Could you output each line below exactly as it appears, excluding any pictures?

** Material provided follows **

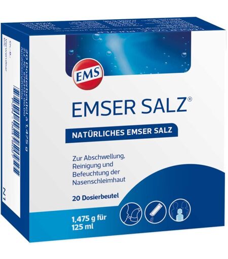 1 g Natürliches Emsersalz wird durch Verdampfen 350 ml reinen Quellwassers gewonnen. Dieses wird der mineralreichen Thermalquelle in Bad Ems entnommen. 1 Emser Salz im Beutel 1,475g enthält 1,475 g natürliches Emser Salz.GegenanzeigenEmser Salz im Beutel 1,475g darf nicht angewendet werden bei:
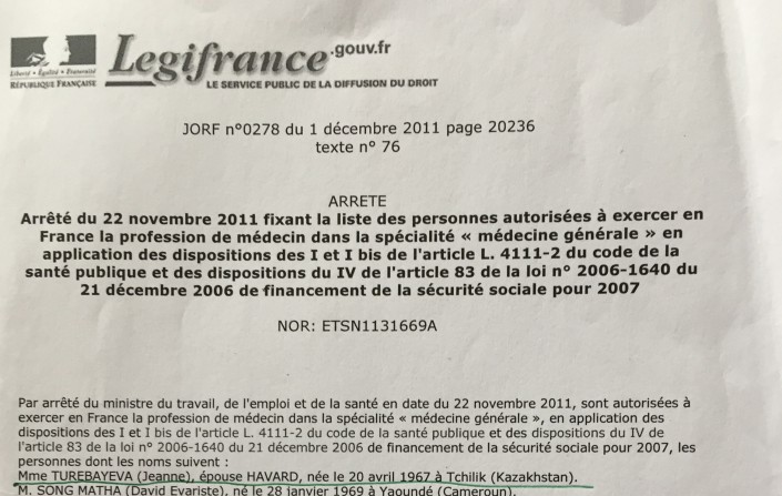 На нижнем фото - местное издание "Закон Франции". Благодаря отличной защите докторской диссертации и высшему баллу, Туребаева стоит первой в списке иностранных докторов, которым разрешили практиковать и работать с больными во Франции.
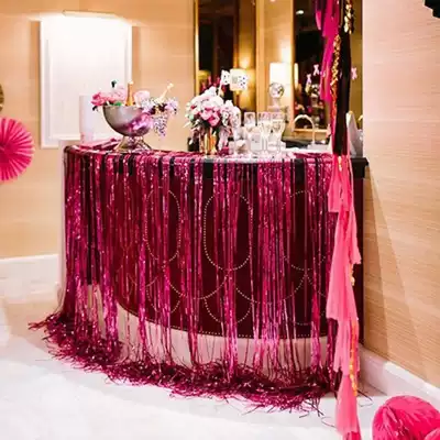 Tassel colored rain silk curtain Children's birthday party decoration jewelry Wedding room wedding pull flower color with background wall decoration
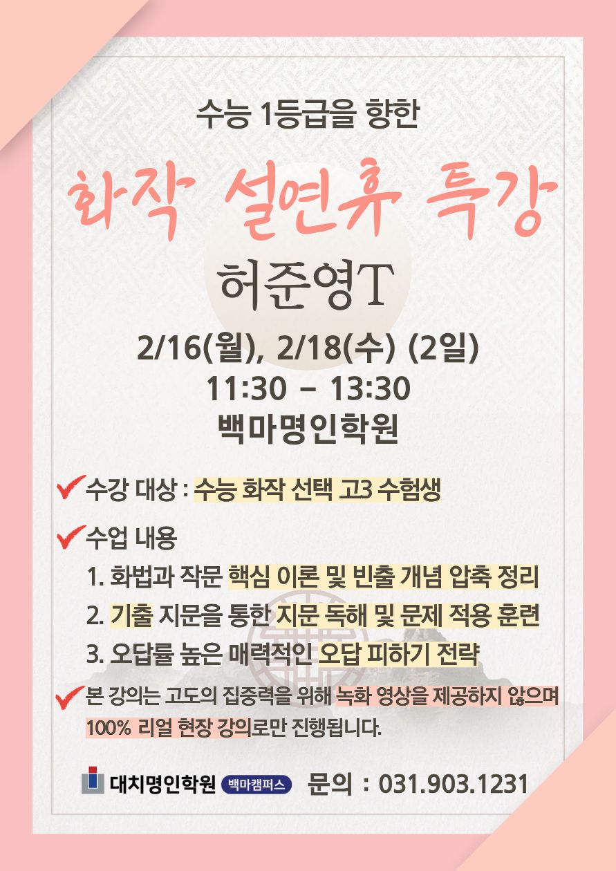 목적 : 학원 강좌 및 설명회 외 정보 제공 등 서비스, 고객관리수집항목 : 이름, 핸드폰번호, 학교, 학년, 계열보유기간 : 제출 시점부터 3년간 보유

** End of Material provided **

- _Output for this exercise_
 1 g Natürliches Emsersalz wird durch Verdampfen 350 ml reinen Quellwassers gewonnen. Dieses wird der mineralreichen Thermalquelle in Bad Ems entnommen. 1 Emser Salz im Beutel 1,475g enthält 1,475 g natürliches Emser Salz.GegenanzeigenEmser Salz im Beutel 1,475g darf nicht angewendet werden bei:
 На нижнем фото - местное издание "Закон Франции". Благодаря отличной защите докторской диссертации и высшему баллу, Туребаева стоит первой в списке иностранных докторов, которым разрешили практиковать и работать с больными во Франции.
 Tassel colored rain silk curtain Children's birthday party decoration jewelry Wedding room wedding pull flower color with background wall decoration
 목적 : 학원 강좌 및 설명회 외 정보 제공 등 서비스, 고객관리수집항목 : 이름, 핸드폰번호, 학교, 학년, 계열보유기간 : 제출 시점부터 3년간 보유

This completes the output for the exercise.